Gannajero and Kotin’s argument had grown violent. The old woman was shoving Kotin with both hands while he waved his war club. He must have been weighing the momentary pleasure of beating her to bloody pulp for humiliating him in front of his warriors against the next twenty summers of untold wealth, and perhaps even status as the matron’s personal guard—

An arrow flashed in the firelight, the chert point glinting as it drove into Kotin’s back with enough force to send him staggering drunkenly across the ground.

One of the warriors shouted, “We’re being attacked! Kill them!”

“No!” Gannajero yelled. “If you kill them, I lose everything!”

Before anyone could react, another arrow
shish-thump
ed into Waswan, and the man let out a hideous cry. Then a melee broke out. Shouts and screams rose. Men started running in all directions. Two men launched themselves at Gonda and knocked him to the ground, while several others wildly fired arrows into the darkness, trying to stop their attacker.

Sindak lunged into the clearing, shouting, “War Chief!” and when Koracoo turned, he tossed her CorpseEye.

As it spun through the air toward her, her eyes lit with a feral gleam. Koracoo snatched the weapon out of the air, pivoted on one foot, and charged into the fight spinning and leaping like some Spirit creature from the old stories.
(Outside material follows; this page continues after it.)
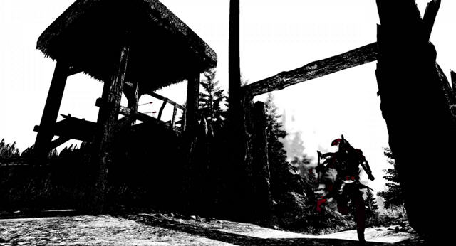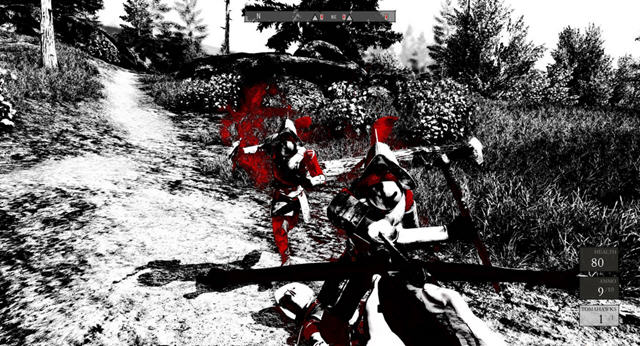 游戏的猎奇画面想必会让很多的玩家都无法接受,黑白的树林,黑白的海岸,要不是敌人脸上那两个红色的眼睛,恐怕他就要和大自然融为一体了。

Two men sprang at her, grinning and whooping. She used a side-handed swing to crush the shoulder of the first and send him stumbling for the forest; then she spun on her toes and knocked the feet out from under the second man. Before he had time to roll, she brought her club down on his skull and moved on, running deeper into the fight.
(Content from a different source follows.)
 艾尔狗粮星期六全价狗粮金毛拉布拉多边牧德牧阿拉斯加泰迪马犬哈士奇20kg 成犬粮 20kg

A big warrior with missing front teeth shrieked a war cry and barreled toward Sindak, his club up. Sindak had just enough time to pull his own club from his belt and parry a blow meant to crush his skull, but the force of the assault toppled him. As he scrambled to get up, the warrior hissed, “Die, Hills dog!” and swung his club down hard, aimed for Sindak’s spine.

Sindak rolled. The club whomped the ground less than a hand’s breadth from his body. Gasping for breath, Sindak clawed his way to his feet, and they circled each other like buffalo bulls, growling and panting.

“Are all your men so slow?” Sindak taunted with a grin. “Or are your knees just weak from rutting with your sisters?”

“You filth!”

Their clubs collided with arm-numbing force, and the man’s superior weight drove Sindak back five steps before he recovered, side-stepped, and slammed his club into the man’s chest. As the man stumbled backward, gasping, Sindak took the opportunity to cave in his ribs.

Then he charged for the fracas around the fire. His gaze instinctively searched for Towa … but his friend had vanished. Gannajero was gone, too. Towa hadn’t dragged her off to protect her, had he? Despite their chief’s orders, the old woman deserved to be dead a thousand times over. And Towa knew it just as well as he did.